Recap: Part 3
An unknown length of time passes. I'm sure Silven had many riveting adventures without us.
We pick up the story again as Silven boards the Noclip - an airship he has secretly built to reach the moon, which appears to be a new (and heavily-advertised) area to explore. The Mooncerer (who else?), a powerful sorcerer, lives there and is plotting revenge on the world that rejected him.
Whilst ascending, Silven explains to an angry Olgred that in his previous adventures he has been doing his best to subvert expectations of him and reject his true destiny with the mice and Three Toes Tavern by killing Zolar and sparing Warlord Wallace. Olgred is not convinced his master isn't completely crazy. He does however tell Silven that business is going well, and that the civil war is dying down thanks to brain-rotting viral content on Silverlink's instant messaging systems.
The pair arrive at the moon and Silven is frustrated and bored by the fact that the Mooncerer lacks imagination - everything he has created here is just a knockoff moon-version of things that exist back home. Silven has used his research into the fabric of existence to ensure his ship can pass straight through solid surfaces, and he dives right through the roof of the Mooncerer's fortress to give him a piece of his mind.
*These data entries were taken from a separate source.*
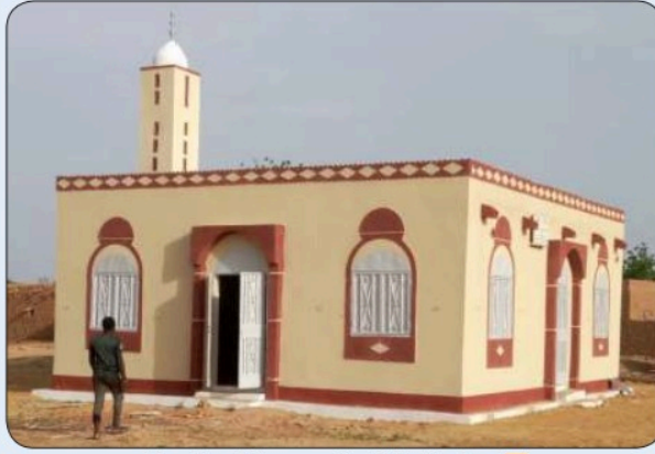
مساجد النجاة الخيرية بجمهورية النيجر الصديقة

وقال الخميس مشروع بناء المساجد تنفذه الجمعية في أكثر من 22 دولة حول العالم، وتتفاوت قيمة المسجد تبعاً للمساحة وعدد المصلين وطبيعة الدولة التي سينفذ بها المشروع. مستشهداً بحديث النبي صلى الله عليه وسلم: « ومن بنى مسجداً كمفحص قطاة أو أصغر بنى الله له بيتاً في الجنة » وختاماً دعا الخميس كل من يرغب في بناء مسجد إلى التواصل مع زكاة كيفان من خلال الاتصال على أو زيارة مقر اللجنة بجانب سوق كيفان المركزي 95516222.
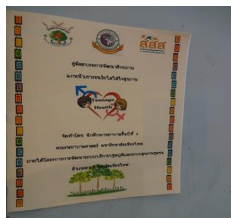
図4 チェンマイ大学看護学部と連携で作成された性教育のパンフレット
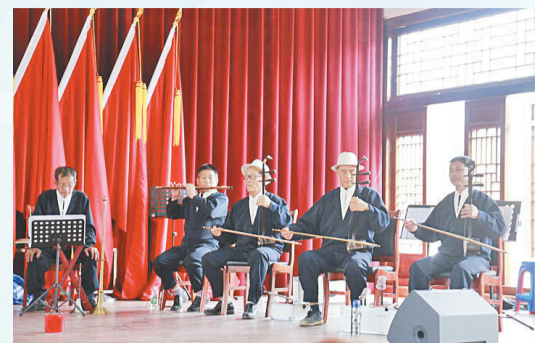
全媒体记者 谭祉潇 文/图

近日,廿三里街道上社村“夕阳红”民乐队成立。在成立仪式上,民乐队现场表演了民乐合奏《花头台》、传统曲艺《弹八仙》等节目,精彩纷呈的演出,获得了村民们的阵阵掌声。
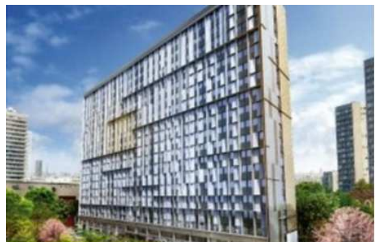
En tout, plus de 500 logements neufs vont se créer à la place des 18 000 m 2 de bureaux obsolètes.
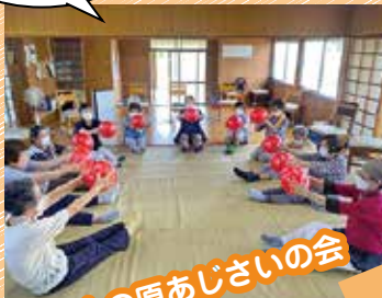
上の原あじさいの会

The feared sorcerer is just a whiny little 'misunderstood' boy, after all.
With the Mooncerer told he must go back home and pull himself together, Silven reveals why he came to the moon - to obtain a new footrest for his collection. He despairs at what he is doing with his life, and rightly so.
Back in his office, Silven is greeted by Lord Treken, the general of the king's army. Treken has decided to declare war on Silven's companies. He claims that despite Silverlink's loyalty to the crown, it is growing too powerful and self-governing for the king's liking. Silven discusses the issue with his inner circle. They are worried that if the king discovers the secret workers in Limetop manufacturing infinite goods using the Doll Sequence, chaos will reign. However, it's not looking good for reinforcements - the plague, caused by The Glitch, is decimating the population of Oldeburgh, and the Fellowship of the Glitch are blaming Silverlink and have turned against it.
Luckily, Sir Meow-a-lot Mousecatcher, head of security, inspires the room with a well-placed meow. Ulf, the accountant, breaks apart Silven's new footrest for its four legs, recognising that anything at all from a new area, even a stool leg, must of course be more powerful than even the best weapons from Oldeburgh. Silven, Olgred, Simitest the head engineer, and Dasat the mercenary are inspired to become the four generals to lead their armies against Treken's.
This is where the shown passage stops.